====== Input material ======

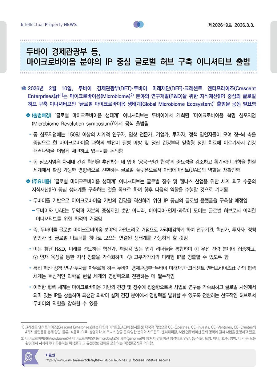 두바이 경제관광부 등, 마이크로바이옴 분야의 IP 중심 글로벌 허브 구축 이니셔티브 출범
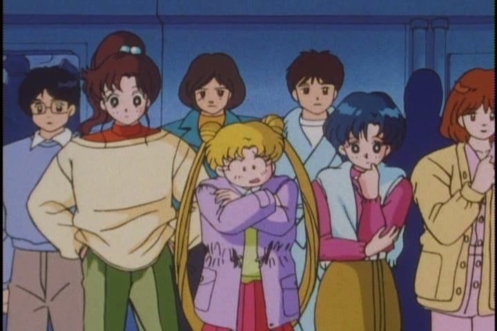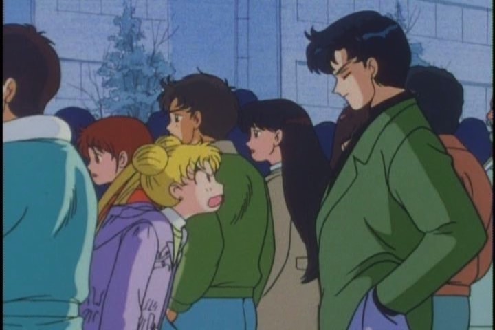 In the busy crowd are Rei, Minako, Ami, Makoto and Usagi. What a coincidence! Usagi bumps into the two from her school, Ami and Makoto and, although none are well-acquainted anymore (super depressing), the three seem to feel strangely nostalgic…
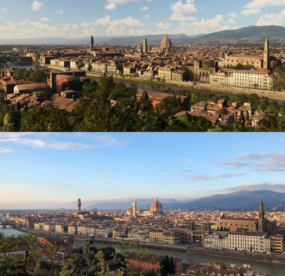 Впрочем, иногда генерация работает и в самом деле неплохо. Вот две Флоренции: верхняя снята в Microsoft Flight Simulator, нижняя фотография сделана реддитором пару лет назад.
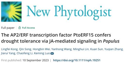 2023年9月10日,国际主流植物学期刊New phytologist(新植物学家)在线发表了西南大学beat365中国官方网站罗克明教授团队题为“The AP2/ERF transcription factor PtoERF15 confers drought tolerance via JA-mediated signaling inPopulus”的研究论文,揭示了内源茉莉酸(JA)信号在协调杨树干旱信号感知和木质部导管细胞发育中的关键作用,为木本植物的抗旱育种提供了新的潜在靶标。
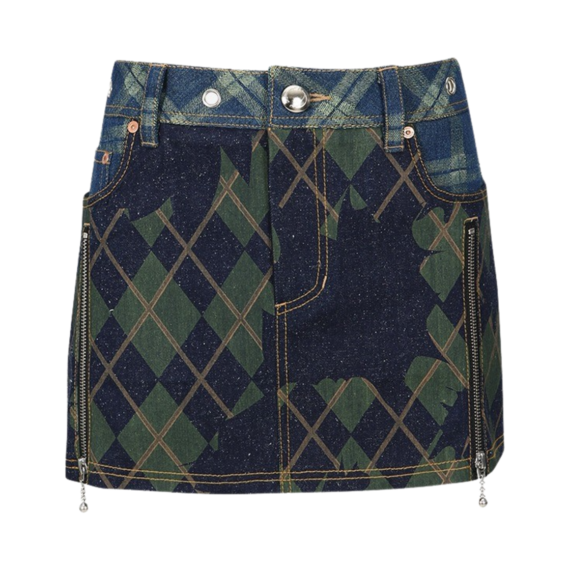 ADSB 앤더슨벨 우먼 키키 브로큰 아가일 데님 스커트 블루
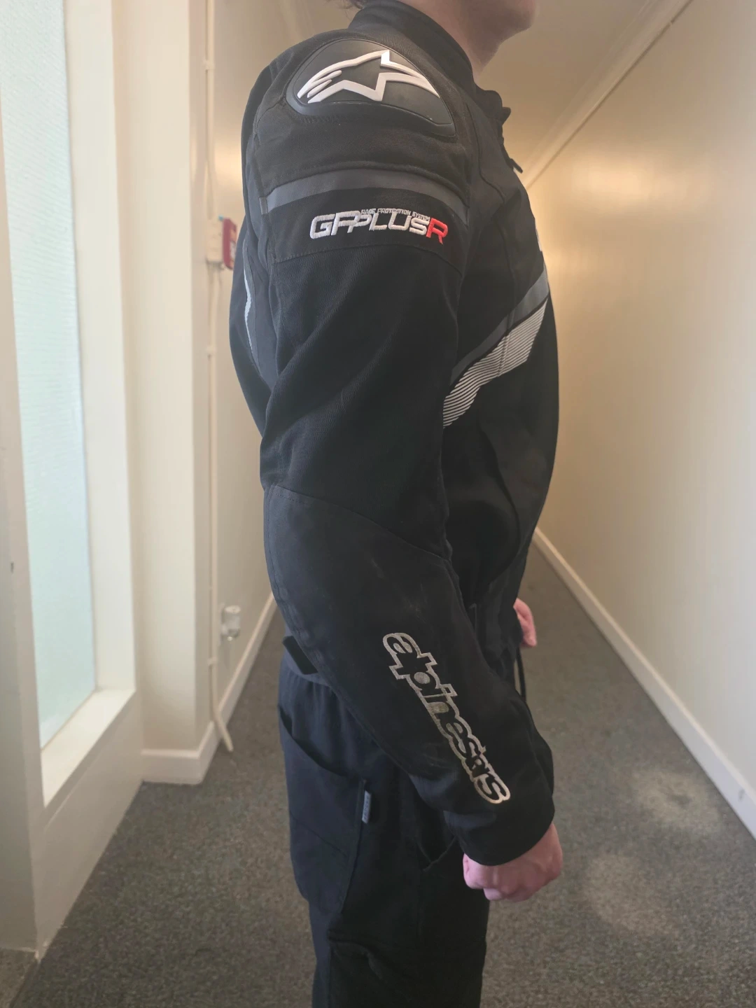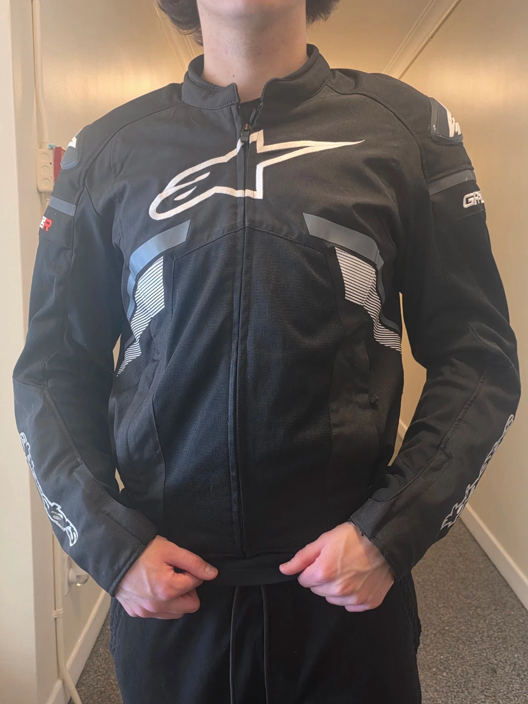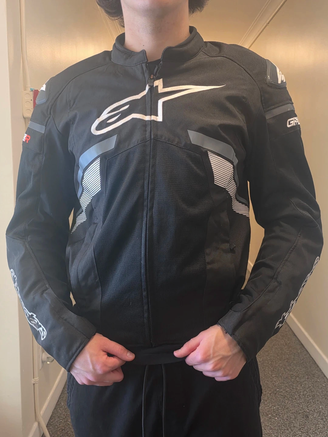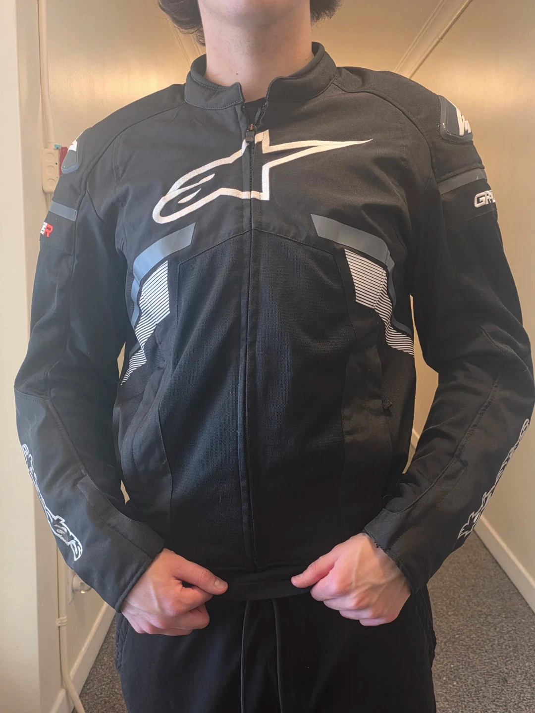 Black Alpinestars GP Plus R motorcycle jacket. It's a textile jacket with reflective detailing. This jacket is designed for riding.size large Italian, fits like a usa s, or m
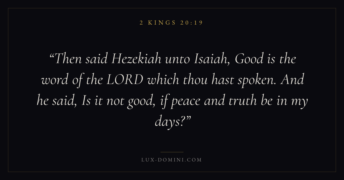Then said Hezekiah unto Isaiah, Good is the word of the LORD which thou hast spoken. And he said, Is it not good, if peace and truth be in my days?
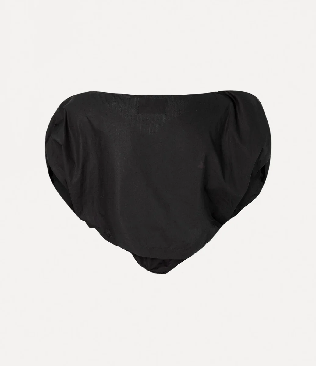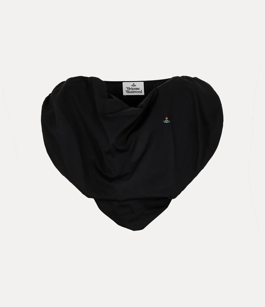 The asymmetric heart shape has become a signature style of the house, having appeared in many collections throughout our history. This season’s Heart top revives the silhouette, which Vivienne used to evoke an affection for both humanity and the planet, complete with an embroidered orb on the left-hand side of the design.
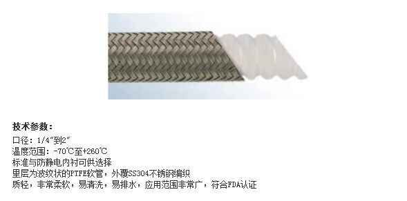 PU鋼絲管采用聚醚型-亞聚安酯(E-PUR)為材料加工而成,以堅(jiān)固彈性不銹鋼鋼絲包覆于管中間,具有很強(qiáng)的抗壓輸送能力,耐受極限溫度、壓縮、化學(xué)品、臭氧、射線、潮濕和環(huán)境暴露。管體透明光滑,可清晰看見物料在管內(nèi)輸送,絕對(duì)不含有機(jī)增塑劑,鄰苯二甲酸鹽和乳膠添加物等有害物質(zhì)。食品級(jí)鋼絲管不分解任何氣味和味道;光滑內(nèi)壁不粘水;抗菌及水解,不滋生細(xì)菌及微生物,非常良好的抗化學(xué)性;極度抗磨損,具有超長的使用壽命。

======

--- Task details ---
Leaving out the pictures, print exactly and only the lines from the one containing "In the busy" through the last line of the records.

--- Response area ---
 In the busy crowd are Rei, Minako, Ami, Makoto and Usagi. What a coincidence! Usagi bumps into the two from her school, Ami and Makoto and, although none are well-acquainted anymore (super depressing), the three seem to feel strangely nostalgic…
 Впрочем, иногда генерация работает и в самом деле неплохо. Вот две Флоренции: верхняя снята в Microsoft Flight Simulator, нижняя фотография сделана реддитором пару лет назад.
 2023年9月10日,国际主流植物学期刊New phytologist(新植物学家)在线发表了西南大学beat365中国官方网站罗克明教授团队题为“The AP2/ERF transcription factor PtoERF15 confers drought tolerance via JA-mediated signaling inPopulus”的研究论文,揭示了内源茉莉酸(JA)信号在协调杨树干旱信号感知和木质部导管细胞发育中的关键作用,为木本植物的抗旱育种提供了新的潜在靶标。
 ADSB 앤더슨벨 우먼 키키 브로큰 아가일 데님 스커트 블루
 Black Alpinestars GP Plus R motorcycle jacket. It's a textile jacket with reflective detailing. This jacket is designed for riding.size large Italian, fits like a usa s, or m
Then said Hezekiah unto Isaiah, Good is the word of the LORD which thou hast spoken. And he said, Is it not good, if peace and truth be in my days?
 The asymmetric heart shape has become a signature style of the house, having appeared in many collections throughout our history. This season’s Heart top revives the silhouette, which Vivienne used to evoke an affection for both humanity and the planet, complete with an embroidered orb on the left-hand side of the design.
 PU鋼絲管采用聚醚型-亞聚安酯(E-PUR)為材料加工而成,以堅(jiān)固彈性不銹鋼鋼絲包覆于管中間,具有很強(qiáng)的抗壓輸送能力,耐受極限溫度、壓縮、化學(xué)品、臭氧、射線、潮濕和環(huán)境暴露。管體透明光滑,可清晰看見物料在管內(nèi)輸送,絕對(duì)不含有機(jī)增塑劑,鄰苯二甲酸鹽和乳膠添加物等有害物質(zhì)。食品級(jí)鋼絲管不分解任何氣味和味道;光滑內(nèi)壁不粘水;抗菌及水解,不滋生細(xì)菌及微生物,非常良好的抗化學(xué)性;極度抗磨損,具有超長的使用壽命。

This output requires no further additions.